Brazil are playing England at football at Wembley tonight, so it’s time to celebrate all the usual stuff about the beautiful game: o jogo bonito. But how beautiful is football? Sometimes very, often not at all, sometimes unapologetically ugly. And I wondered: which is the most beautiful game of all? Is it football? Or what?
Define beauty, then. Oh, for heaven’s sake: pulchra sunt quae visa placent – beauty is what pleases the sight. That old maxim will do. I’m looking for an aesthetic beauty here. Some may talk of a moral beauty in boxing, but that is beyond our remit. So is dramatic beauty; many sports offer that, in their different ways, but here we are discussing the sports that best fill the eye.
In some sports, the creation of beauty is the explicit aim of the athletes: skating, diving, synchronised swimming. These I have debarred. We are looking here for an incidental beauty, for sports in which beauty is both inescapable and inadvertent. Otherwise, it would be a battle between dressage and gymnastics for the top sport.
So I am only considering those sports in which the spectator is not presented with beauty – rather, he is beauty’s discoverer. The spectator participates in the aesthetic by finding a beauty that the athlete was never consciously seeking.
The setting is important, but not overly important. Thatched pavilions, aristocratic parks, the Henley riverside, the sailors’ sea, the golfers’ seashore, the French countryside on the Tour de France: all these have their points. But here, we must try to compare the sports themselves, not just where they take place.
The beauty of the athlete, of the movements and the attitudes, and only after that, the context – that is how we must look for the real beauty in sport. And, armed with all this, here is my list, necessarily subjective, necessarily at odds with your own.
10 Football scrapes into the top ten; because football is not often a beautiful game. When beauty does strike, it is frequently as swift and as devastating as lightning, leaving the observer gasping, the more beautiful for its rarity. But football’s beauty is intermittent and unreliable (which is, if you like, the beauty of the game).
9 There is a hypnotic beauty about fencing: classically opposed figures in white, the ancient weapons with which they fight, the light dancing as they assess each other behind masks that render every fencer faceless, every athlete an eternal abstract figure representing combat, fear, ambition. The quite impenetrable speed of the engagements only adds to their beauty.
8 The racing greyhound is a creature of startling beauty. I have known several, all of them the gentlest of dogs in private life. Racing dogs have both the homeliness of domestic dogs and the remoteness of high-performance athletes. The movement, particularly of the hurdlers, is as sublime a thing as any sport has ever produced.

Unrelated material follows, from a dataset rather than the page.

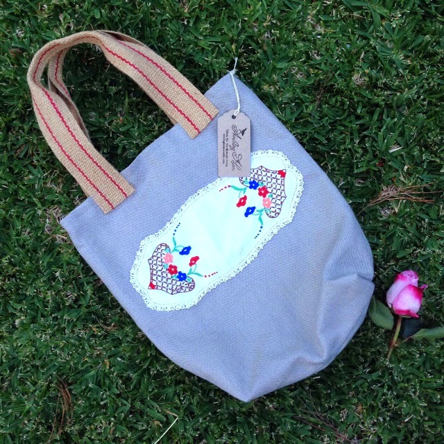 #1 Ambling Home. A beautiful vintage rose coloured rug or throw caught my eye today. When I picked it up, it said “This rug has been hand knitted from left over pieces of wool, it is a unique design”. Ambling Home’s craft are all unique designs made using recycled vintage fabric, bed linen, souvenir tea towels, buttons, handles, zippers, cushion inserts and coffee bean bags. Products made with a conscience and ensuring there is less landfill. How could I not purchase this beautiful rug, and by the way this little bag too? The bag has been made from reclaimed linen, vintage recycled bed sheet and vintage doily. The handles are made from upholstery jute. I love Ambling Home’s motto too: Taking the time to mosey along…It demonstrates that each item is made with a lot of patience, love and care. It was great to meet the mother and daughter team, Amanda and Emma today. Looks like they do sewing classes too, which I would love to try next, making all things vintage.

7 Snooker is a kinetic sculpture, at once thrilling and calming, soporific and compelling. The play of colours – red against green, with black and white for ever both inseparable and in opposition – is a lovely thing. The long safety exchanges, often more compelling than mere breaks, have a rhythm and a sound that adds to the sumptuous play of the colours. This is sport as abstract art.
6 Regular readers of this space will know how deeply tempted I am to put eventing in the No 1 slot. The spectacle of the great equine athlete doing what he does best across as fine a stretch of parkland as can be found in this country is glorious. The moral beauty of a sport based on trust is obvious, even if inadmissible here; the dressage is also a problem. But this is as lovely a game as has ever been played.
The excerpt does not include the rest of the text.